Buxbaum's true colors came across very clearly in a sneering remark that "none of the parents who ask me about these issues are the parents of a Bill Gates or an Albert Einstein." What I have to say to that is: Dude, you're very far from being an Einstein yourself. Albert Einstein was a passionate campaigner for social justice. He clearly understood that children develop in different ways and that human neurological differences are not a burden to society but, instead, are a source of essential creative diversity. Indeed, this is how Einstein
described his own developmental delay and how it influenced his scientific discoveries:

"I sometimes ask myself how it came about that I was the one to develop the theory of relativity. The reason, I think, is that a normal adult never stops to think about problems of space and time. These are things which he has thought about as a child. But my intellectual development was retarded, as a result of which I began to wonder about space and time only when I had already grown up."
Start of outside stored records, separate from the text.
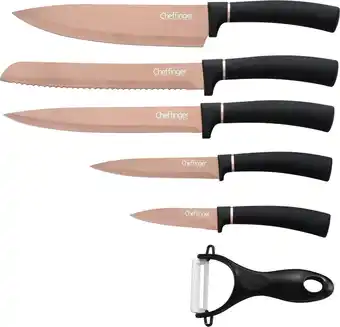 De prijs van de Cheffinger Messenset - 6-delig - Rose Goud / Zwart kan ook teruggevonden worden hierboven op de pagina, samen met de datum van wanneer de aanbieding beschikbaar is. Ook kun je de prijzen in de huidige Bol.com folder of op de Bol.com website controleren. De aanbiedingen verzekeren je van het kopen van de Bol.com producten voor de laagste prijs.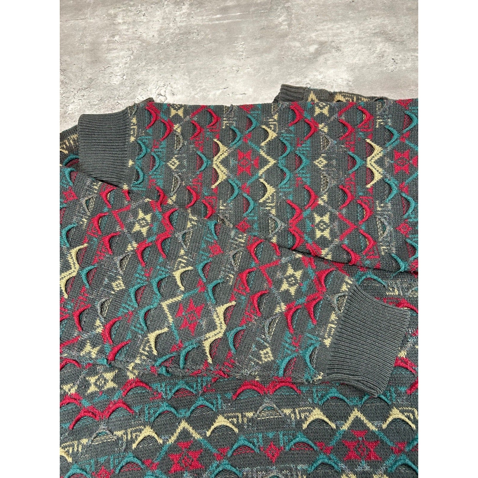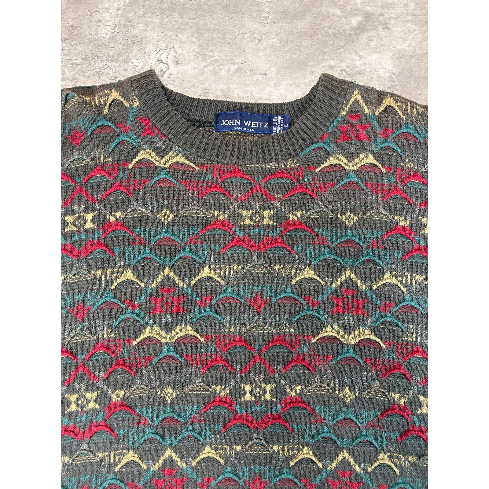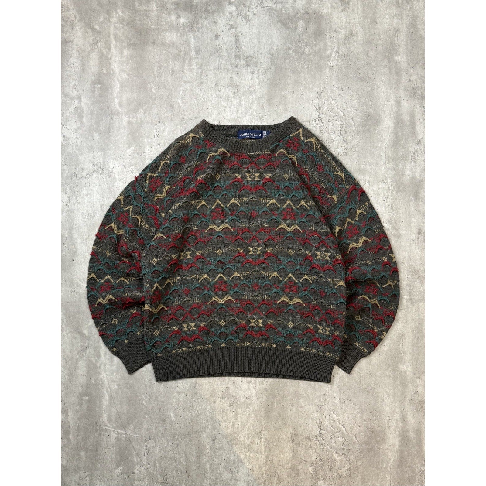 Vintage 90s John Weitz Abstract 3D Knit Pullover Sweater Size Large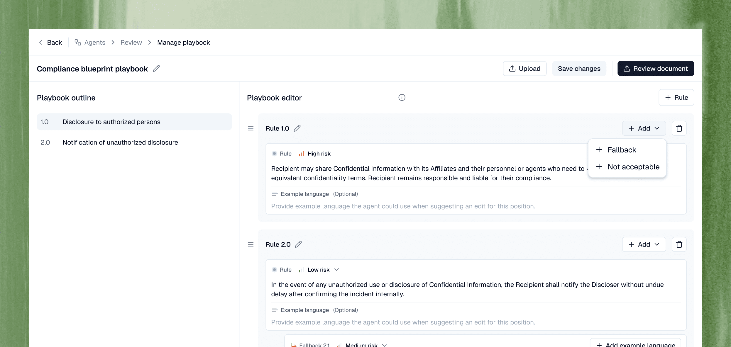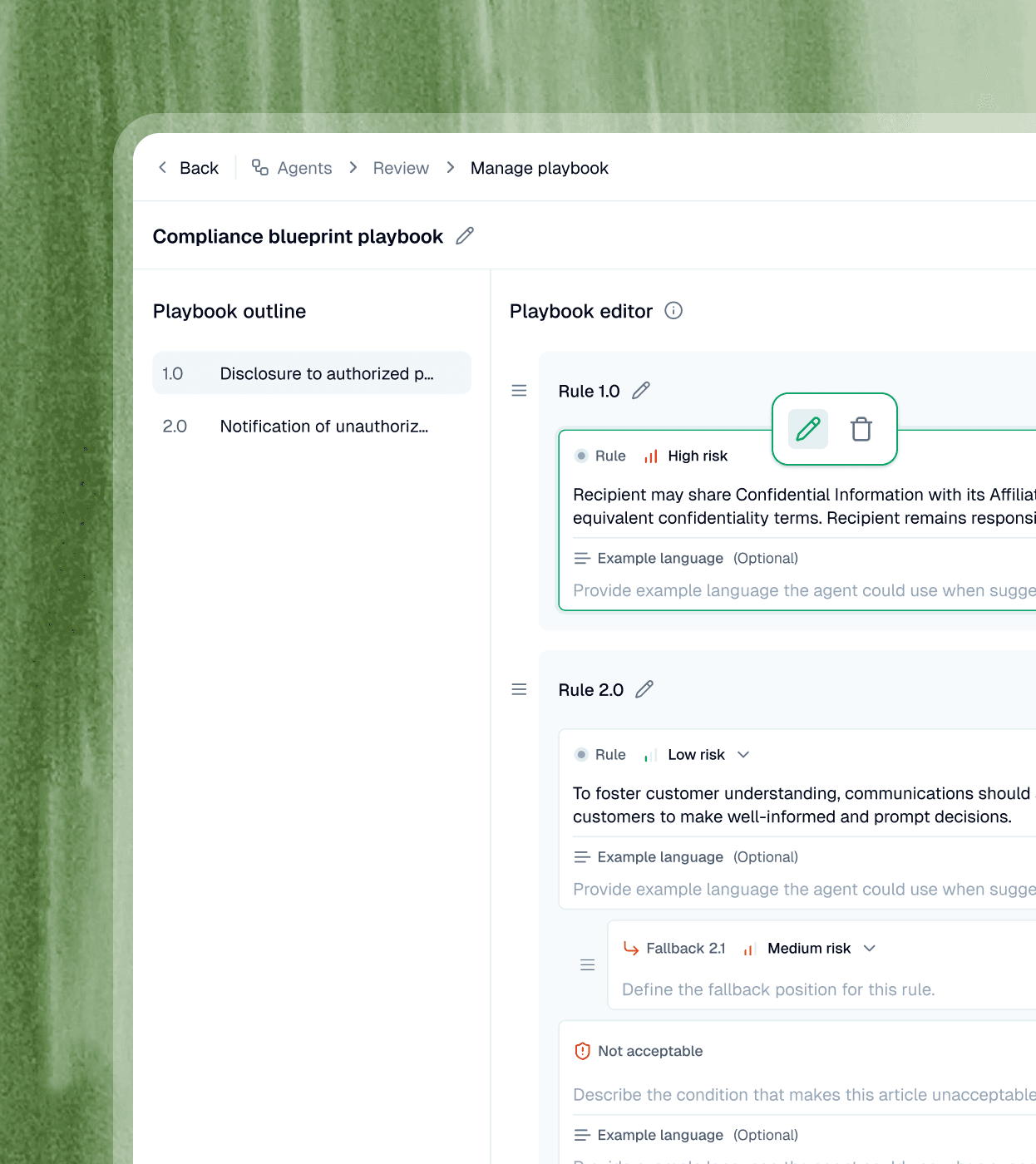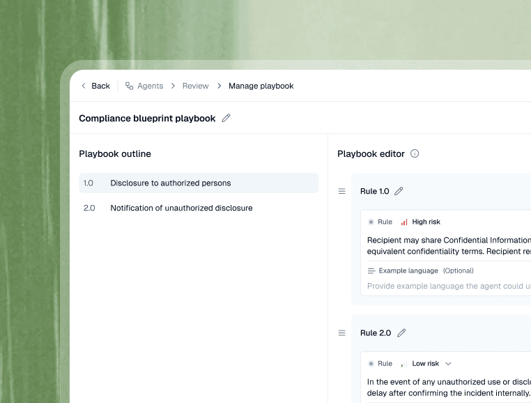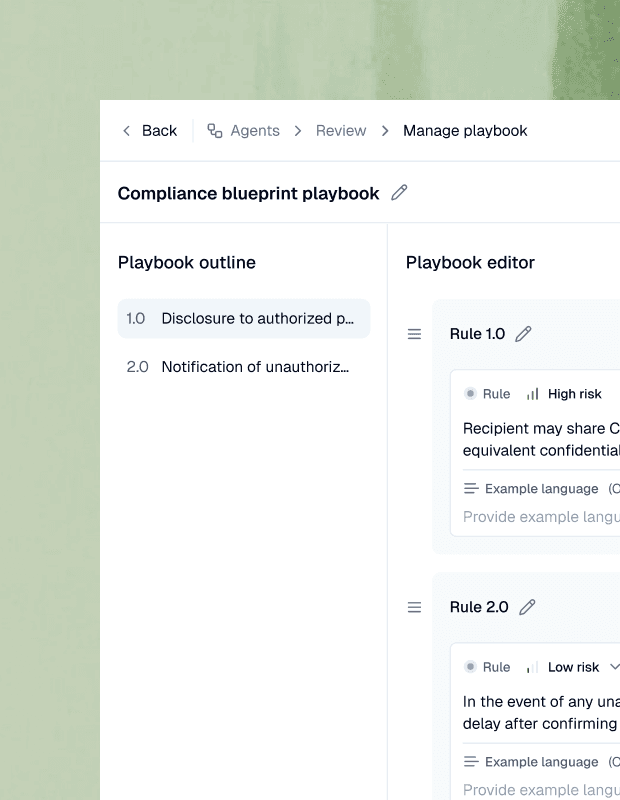 Build playbooks that define what "perfect" looks like for your team - your rules, fallbacks, and not-acceptable positions guiding every approval.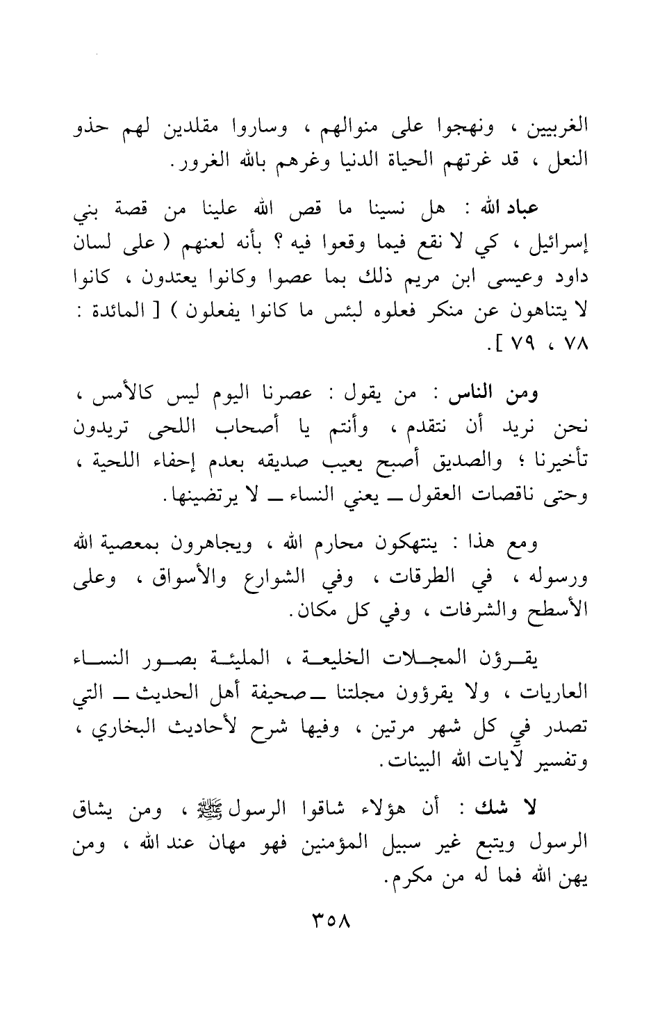 يقرؤون المجلات الخليعة، المليئة بصور النساء العاريات، ولا يقرؤون مجلتنا - صحيفة أهل الحديث - التي تصدر في كل شهر مرتين، وفيها شرح لأحاديث البخاري، وتفسير لآيات الله البينات.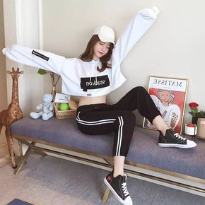 2022年春装新款中长卫衣女TB条纹印花+紧身裤时...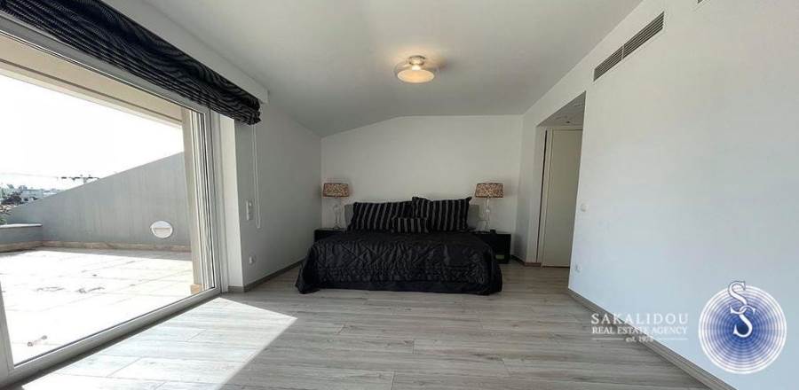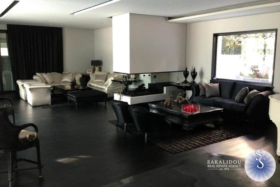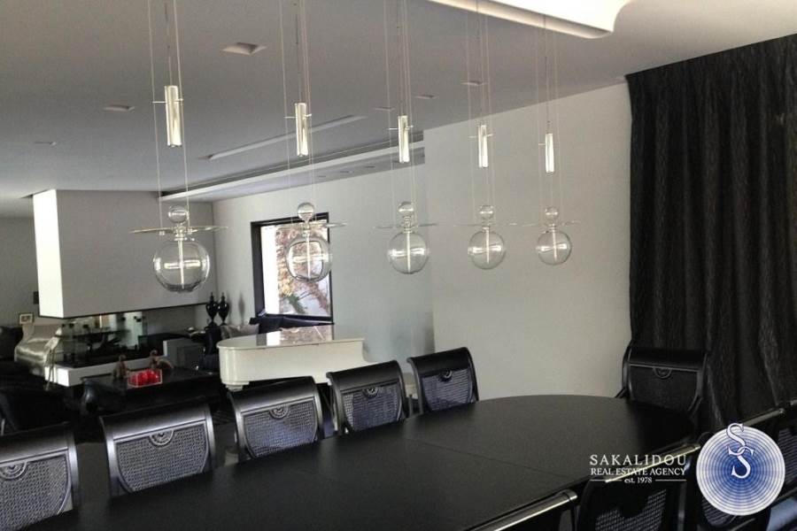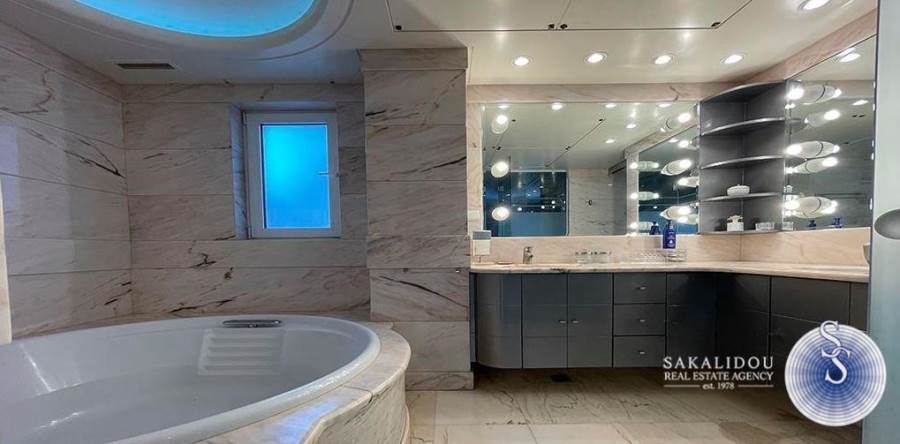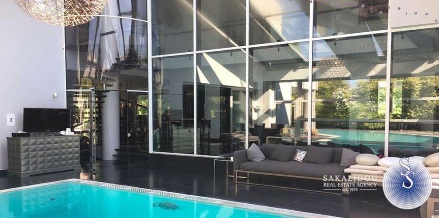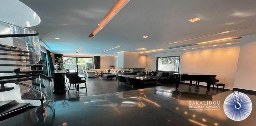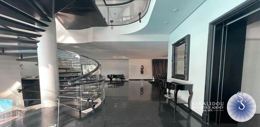 Unique 4-level villa of 1085 sq.m. minimal design, in the center of Glyfada on a plot of 1,200 sq.m. It consists of a huge living - dining room and an open kitchen, 5 master bedrooms (one with a dressing room), and a maid`s room with a kitchen. An impressive, large swimming pool dominates the indoor and outdoor areas. It also has a laundry room, elevator, sauna, jacuzzi, natural gas and oil heating, underfloor heating, huge underground garage and storage rooms. The property has been built with luxurious materials, and its location is excellent, in the center of Glyfada, within walking distance of the beach and the market.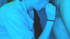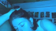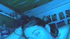 É noite e o namorado da Naiade veio visitá-la em sua casa para transar. Essa morena vai chupar seu pau profundamente até ele gozar.
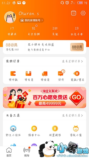 我们只需要打开淘宝的我的页面就可以看到淘宝大联欢的入口了哦!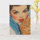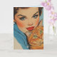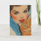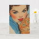 PRETTY GIRL WITH CAT BIRTHDAY RETRO GREETING CARD
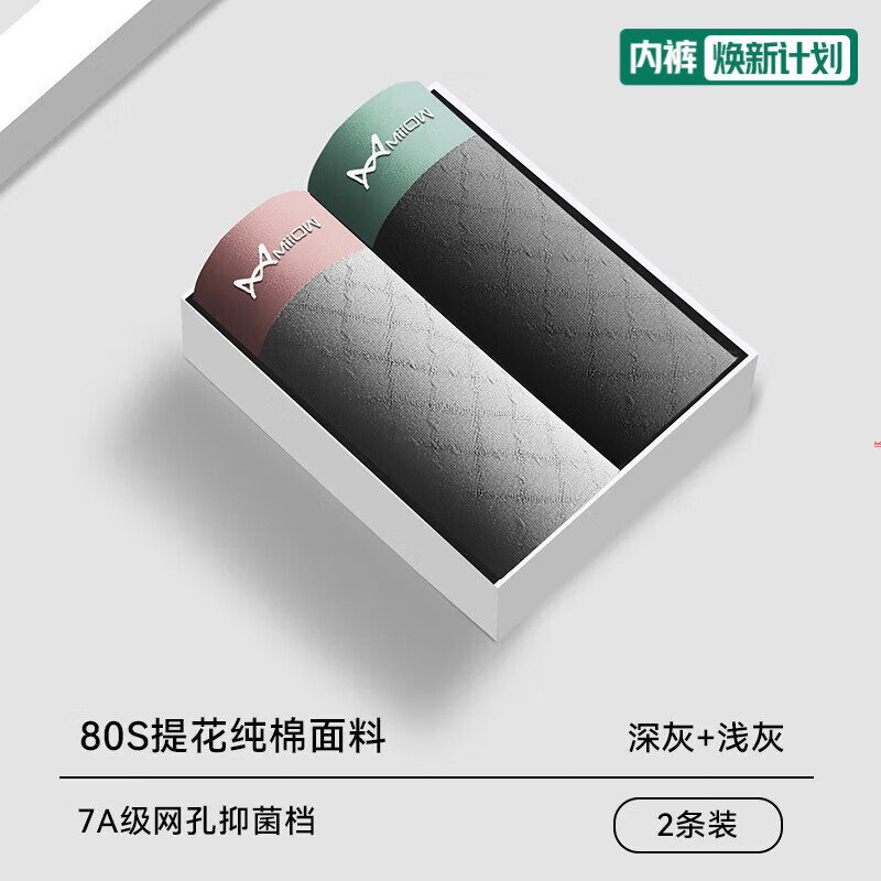 猫人男士内裤纯棉提花男生无痕四角裤头运动透气不卡裆平角短裤衩 深灰+浅灰 2条 3XL 推荐160-180斤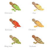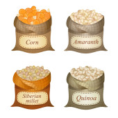Cztery worki związany z fasoli i grochu etykiety na nich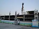 Разворованный кран над Вещевым рынком Концерна «СБС-308» (видно край крыши торговой точки), который ранее располагался на территории недостроенного ДК (ныне точки переехали в ТК «Александровский»), 1993.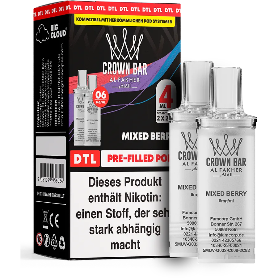 Al Fakher Pods – Mixed Berry (2 %) vereinen eine Auswahl süßer, fruchtiger Beeren in einem harmonischen, klaren Mix. Das Aroma wirkt rund, modern und sofort ansprechend – ideal für Nutzer, die unkomplizierte, fruchtige Sorten suchen.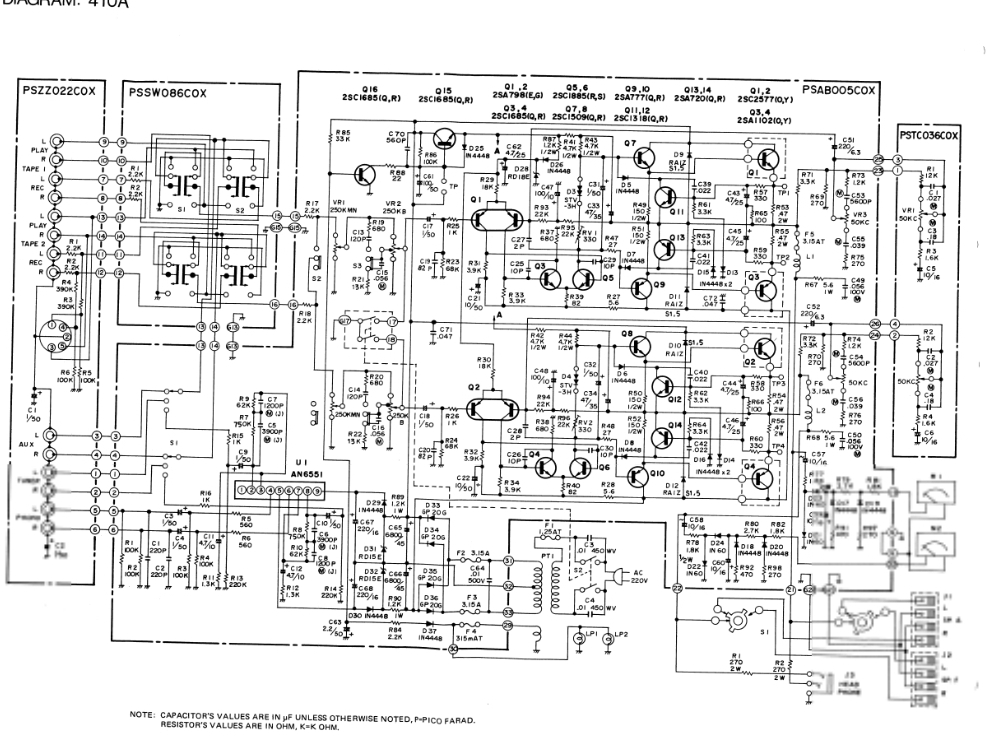 Ebay présente des 10000uF/63V Elna dont la capacité pourrait convenir en remplacement des 6800uF 45V. Je pense que ces condensateurs sont faciles à trouver. Il faut vérifier absolument si l'écartement des broches et la taille des condensateurs permet le remplacement sans modification. Il ne serait pas correct de monter les capas de filtrage avec un câblage en l'air. Le service manual 430a 410a se trouve chez elektrotanya.com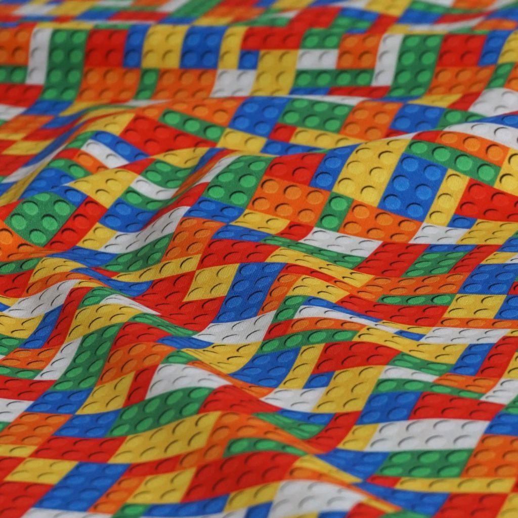 Baumwollstoff Motivdruck Bausteine bunt

Where are today's Einsteins? Many of them are rotting away in special-needs classes, doped up on behavioral meds and contemplating suicide. In tomorrow's society, they may be gone altogether—there will be no more diversity of thought and perception in the
brave new world that Buxbaum and others like him seek to create. In that world, the extermination of millions of human beings will be seen as a wonderful charitable act and a public health triumph.

So let's have a round of applause for the honest bigots. Maybe the foul stench of their hate will wake up some people as to what's really going on here.